Given information:
____________________

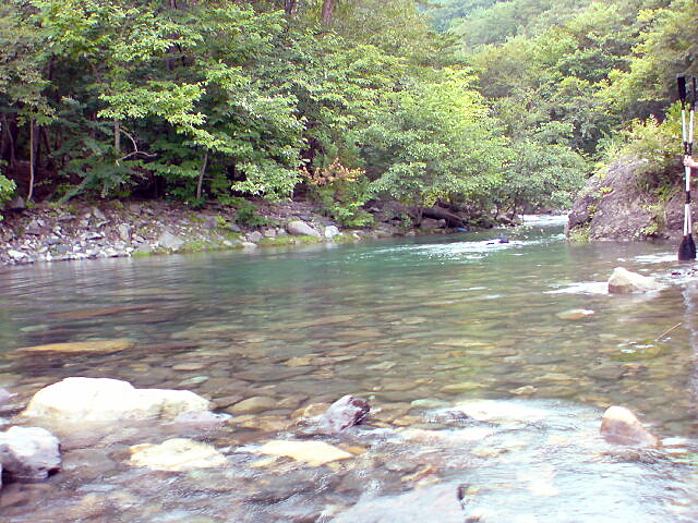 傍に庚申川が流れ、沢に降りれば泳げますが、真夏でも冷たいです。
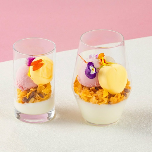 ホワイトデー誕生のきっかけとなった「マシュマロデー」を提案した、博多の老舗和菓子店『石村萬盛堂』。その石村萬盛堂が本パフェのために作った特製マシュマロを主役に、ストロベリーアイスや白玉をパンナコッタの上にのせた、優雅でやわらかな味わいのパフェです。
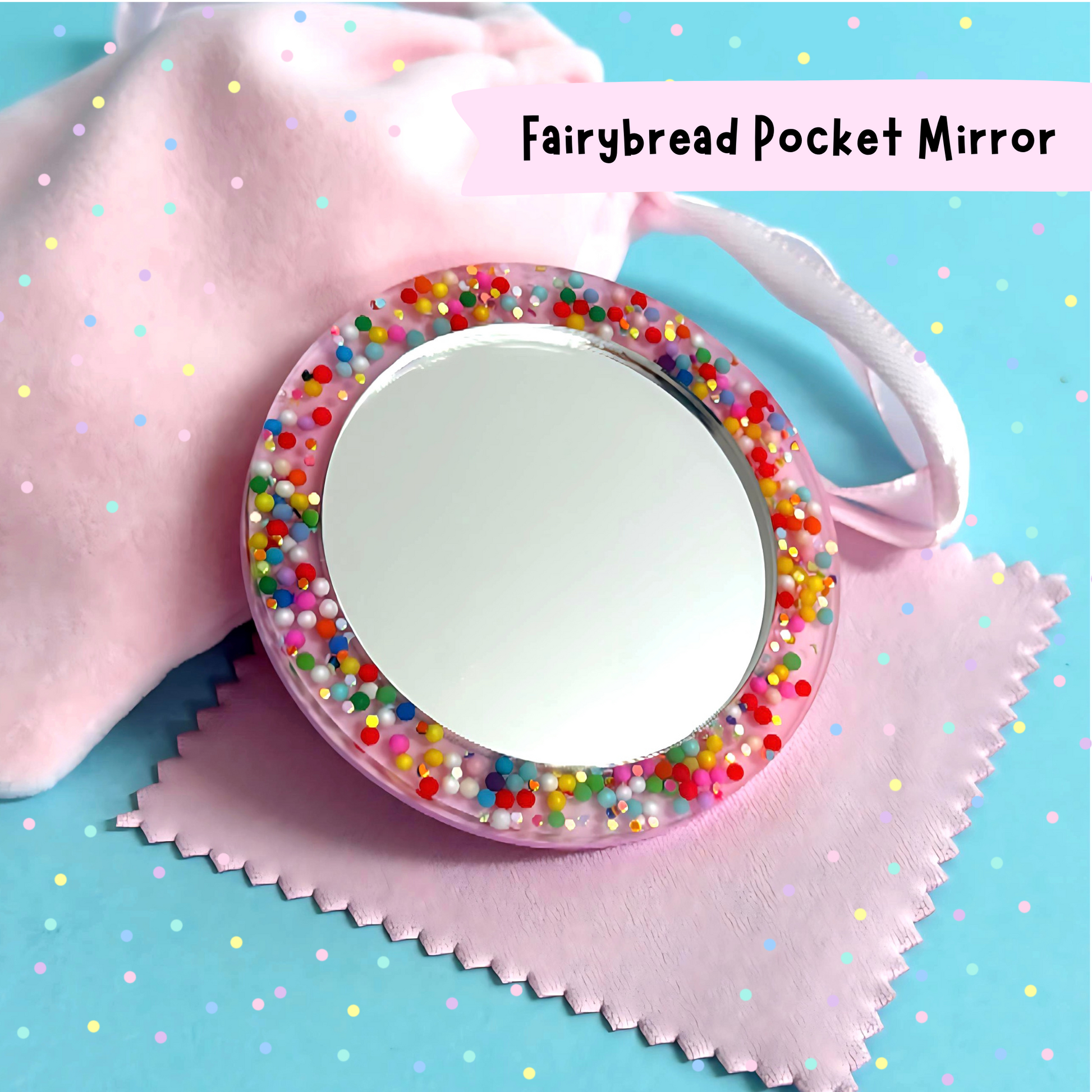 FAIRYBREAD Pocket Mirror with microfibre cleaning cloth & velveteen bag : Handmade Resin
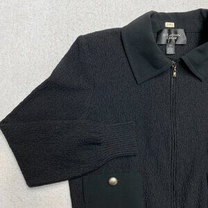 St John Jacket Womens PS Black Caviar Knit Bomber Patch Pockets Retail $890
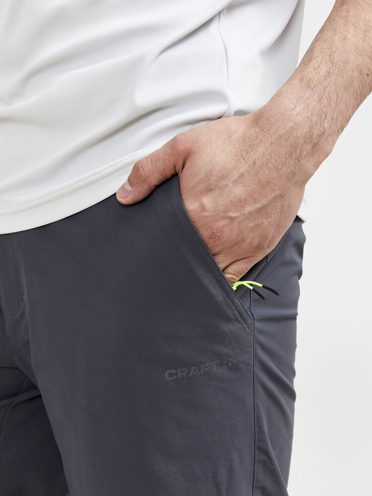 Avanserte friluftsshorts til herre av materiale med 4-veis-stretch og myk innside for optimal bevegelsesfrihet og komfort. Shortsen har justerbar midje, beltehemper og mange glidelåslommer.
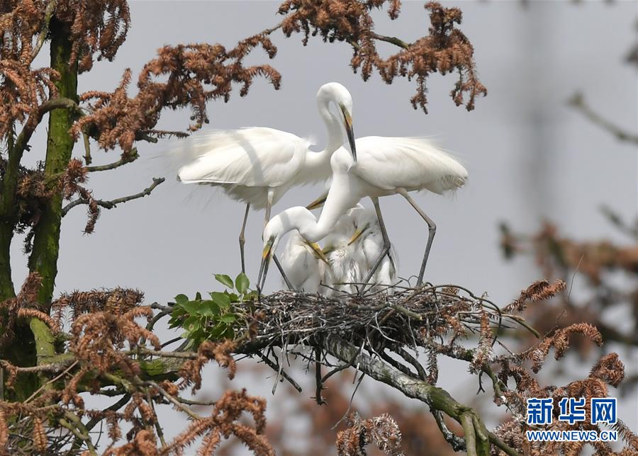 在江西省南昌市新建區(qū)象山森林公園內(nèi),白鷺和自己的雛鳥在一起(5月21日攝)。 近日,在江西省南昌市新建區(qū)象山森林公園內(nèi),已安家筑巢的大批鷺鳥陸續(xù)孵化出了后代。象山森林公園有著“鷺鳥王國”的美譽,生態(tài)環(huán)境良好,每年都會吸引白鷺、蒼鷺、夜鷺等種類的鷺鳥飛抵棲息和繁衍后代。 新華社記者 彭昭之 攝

____________________

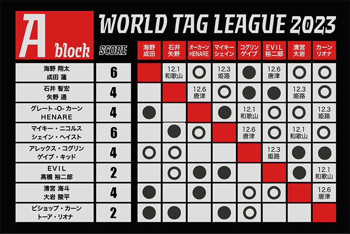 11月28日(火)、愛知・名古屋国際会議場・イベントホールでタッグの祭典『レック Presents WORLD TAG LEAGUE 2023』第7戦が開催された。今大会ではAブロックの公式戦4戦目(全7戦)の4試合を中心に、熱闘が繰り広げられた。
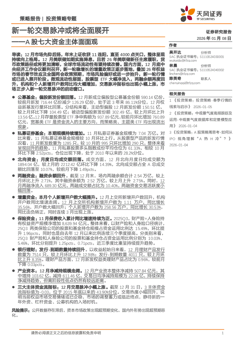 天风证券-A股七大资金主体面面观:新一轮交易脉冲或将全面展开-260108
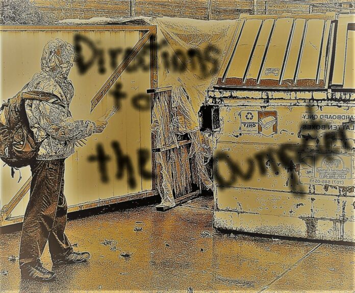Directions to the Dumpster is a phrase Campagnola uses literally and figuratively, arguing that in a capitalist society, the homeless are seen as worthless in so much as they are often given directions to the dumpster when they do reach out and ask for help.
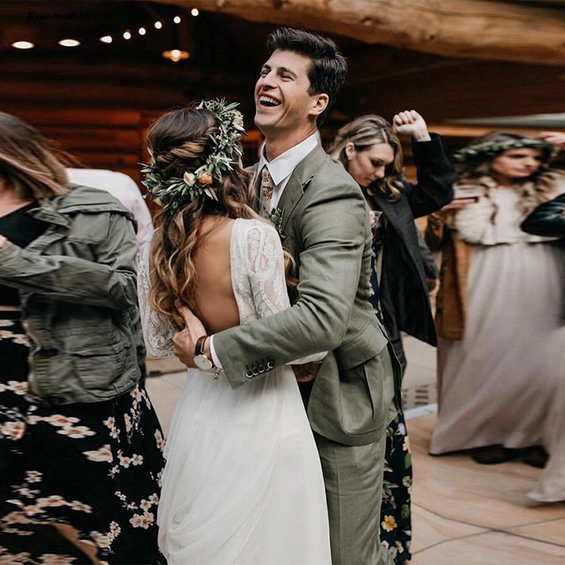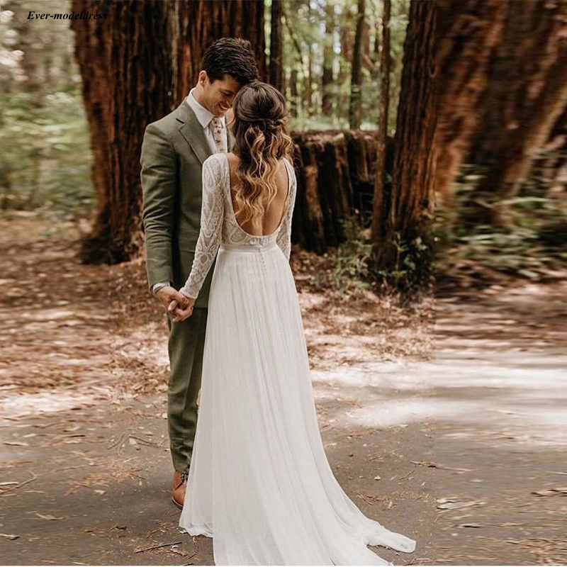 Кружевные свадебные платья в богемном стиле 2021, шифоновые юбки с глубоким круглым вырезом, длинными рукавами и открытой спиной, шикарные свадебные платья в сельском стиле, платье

____________________

Exercise:
Please output, exactly as written, the lines above from the one holding "Avanserte friluftsshorts til" through the one holding "新華社記者 彭昭之 攝", both included, with the pictures omitted.

Response to this task:
 Avanserte friluftsshorts til herre av materiale med 4-veis-stretch og myk innside for optimal bevegelsesfrihet og komfort. Shortsen har justerbar midje, beltehemper og mange glidelåslommer.
 在江西省南昌市新建區(qū)象山森林公園內(nèi),白鷺和自己的雛鳥在一起(5月21日攝)。 近日,在江西省南昌市新建區(qū)象山森林公園內(nèi),已安家筑巢的大批鷺鳥陸續(xù)孵化出了后代。象山森林公園有著“鷺鳥王國”的美譽,生態(tài)環(huán)境良好,每年都會吸引白鷺、蒼鷺、夜鷺等種類的鷺鳥飛抵棲息和繁衍后代。 新華社記者 彭昭之 攝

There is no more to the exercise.